[RFC PATCHv5 2/7] nvme-multipath: add support for adaptive I/O policy
Sagi Grimberg
sagi at grimberg.me
Sun Jan 4 13:06:27 PST 2026
On 04/01/2026 11:07, Nilay Shroff wrote:
>
> On 12/27/25 3:07 PM, Sagi Grimberg wrote:
>>>> Can you please run benchmarks with `blocksize_range`/`bssplit`/`cpuload`/`cpuchunks`/`cpumode` ?
>>> Okay, so I ran the benchmark using bssplit, cpuload, and cpumode. Below is the job
>>> file I used for the test, followed by the observed throughput result for reference.
>>>
>>> Job file:
>>> =========
>>>
>>> [global]
>>> time_based
>>> runtime=120
>>> group_reporting=1
>>>
>>> [cpu]
>>> ioengine=cpuio
>>> cpuload=85
>>> cpumode=qsort
>>> numjobs=32
>>>
>>> [disk]
>>> ioengine=io_uring
>>> filename=/dev/nvme1n2
>>> rw=<randread/randwrite/randrw>
>>> bssplit=4k/10:32k/10:64k/10:128k/30:256k/10:512k/30
>>> iodepth=32
>>> numjobs=32
>>> direct=1
>>>
>>> Throughput:
>>> ===========
>>>
>>> numa round-robin queue-depth adaptive
>>> ----------- ----------- ----------- ---------
>>> READ: 1120 MiB/s 2241 MiB/s 2233 MiB/s 2215 MiB/s
>>> WRITE: 1107 MiB/s 1875 MiB/s 1847 MiB/s 1892 MiB/s
>>> RW: R:1001 MiB/s R:1047 MiB/s R:1086 MiB/s R:1112 MiB/s
>>> W:999 MiB/s W:1045 MiB/s W:1084 MiB/s W:1111 MiB/s
>>>
>>> When comparing the results, I did not observe a significant throughput
>>> difference between the queue-depth, round-robin, and adaptive policies.

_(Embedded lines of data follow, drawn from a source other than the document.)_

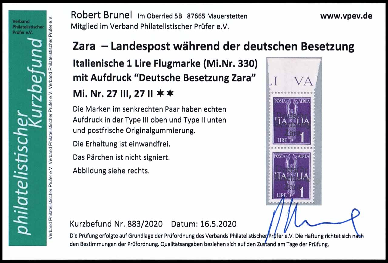 1 Lire mit Aufdruck "Deutsche Besetzung Zara", senkrechtes Paar, mit Aufdrucktype III oben und Aufdrucktype II unten, postfrisch, tadellose Erhaltung, Fotobefund Robert Brunel VP (2020) "die Erhaltung ist einwandfrei", Mi. 240.-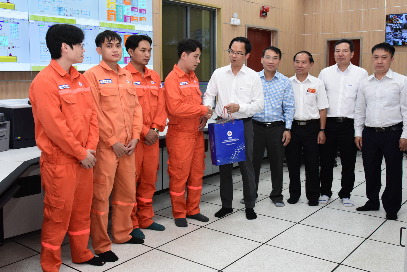 Giám đốc Đoàn Tiến Cường và Chủ tịch công đoàn Nguyễn Văn Bình tặng quà người lao động trực vận hành tại phòng điều khiển trung tâm Nhà máy Thủy điện Ialy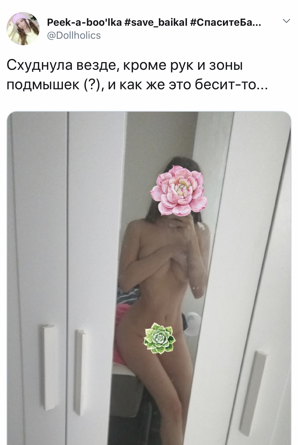 Расскажите в чем смысл рисовать фигуру, которой у тебя нет и не будет? Ну ладно жопу можно накачать (опять не вафлин случай), но такую талию при фигуре-прямоугольник никак не сделать ни диетами, ничем. Зачем грудь прижимать или рисовать шары? Сделают комплимент в твиттере и дальше что? Это комплимент не твоей фигуре, а рисунку. Почему нельзя спокойно жить со своим прямоугольником, почему надо обязательно везде и во всем врать? Еще эта мнимая скромность и кокетство под очевидно обработанными фотками просто фублять. И этот человек лезет всех жизни учить.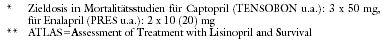 69).* In der jetzt publizierten ATLAS**-Studie wird der Einfluss von zwei Lisinopril (ACERBON u.a.)-Dosierungen (täglich 2,5 mg bis 5 mg versus 32,5 mg bis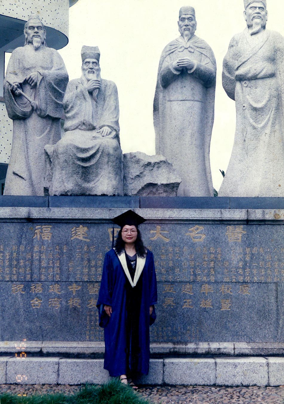 我的母亲中年后才经营中药行,我有空时会帮忙抓药,发现自己对中药很感兴趣;一九八九年,有个机会让我前往大陆学习中医学,虽然我当时已经三十七岁了,我毅然踏上就读之旅,前后十年漫长的时光,来回两地,于一九九九年研究生毕业。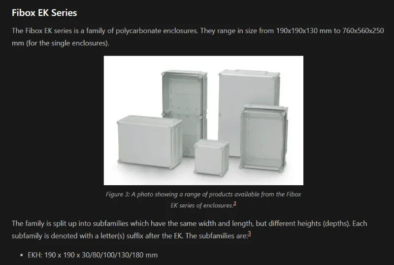 Added info on the Fibox EK series enclosures to the Enclosures page.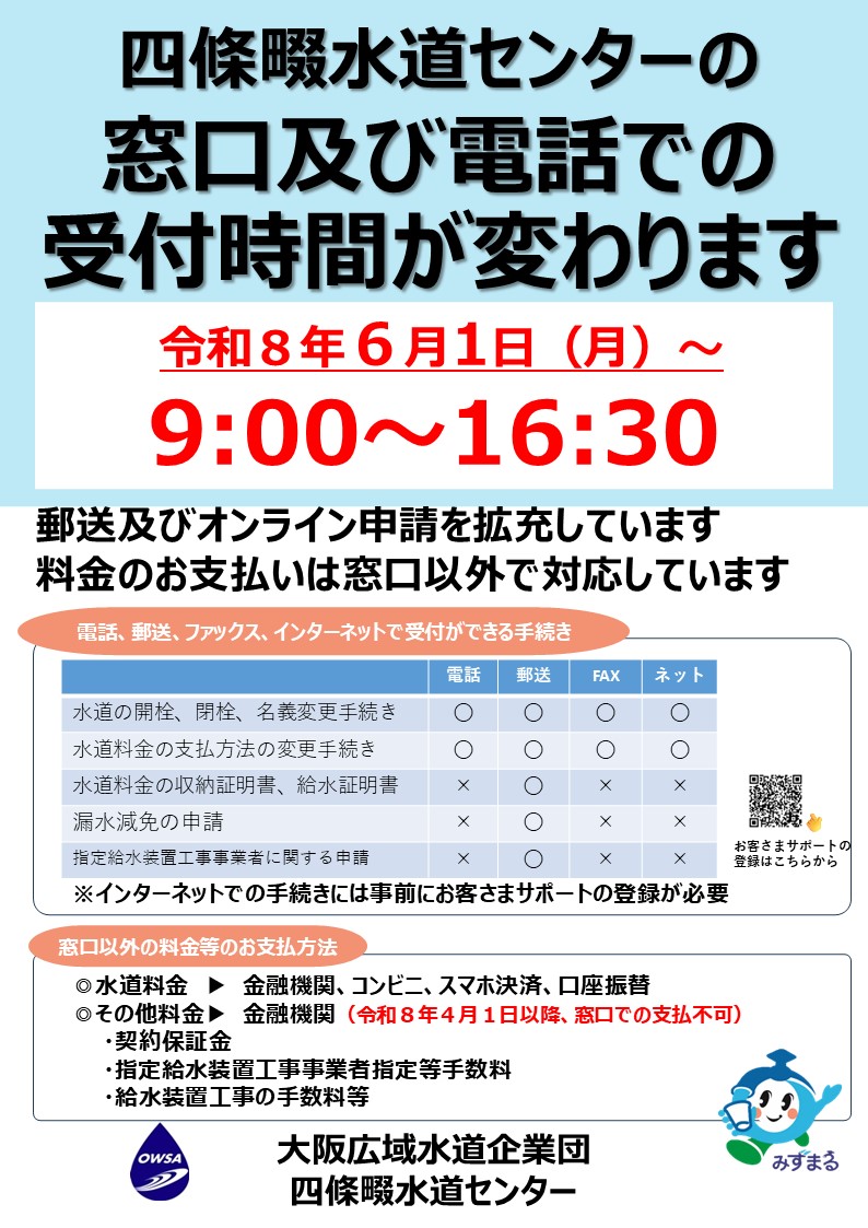 令和8年6月1日(月曜日)から四條畷水道センターでの窓口・電話での受付時間を変更します。

>>> With random I/O of mixed sizes, the adaptive policy appears to average
>>> out the varying latency values and distribute I/O reasonably evenly
>>> across the active paths (assuming symmetric paths).
>>>
>>> Next I'd implement I/O size buckets and also per-numa node weight and
>>> then rerun tests and share the result. Lets see if these changes help
>>> further improve the throughput number for adaptive policy. We may then
>>> again review the results and discuss further.
>>>
>>> Thanks,
>>> --Nilay
>> two comments:
>> 1. I'd make reads split slightly biased towards small block sizes, and writes biased towards larger block sizes
>> 2. I'd also suggest to measure having weights calculation averaged out on all numa-node cores and then set percpu (such that
>> the datapath does not introduce serialization).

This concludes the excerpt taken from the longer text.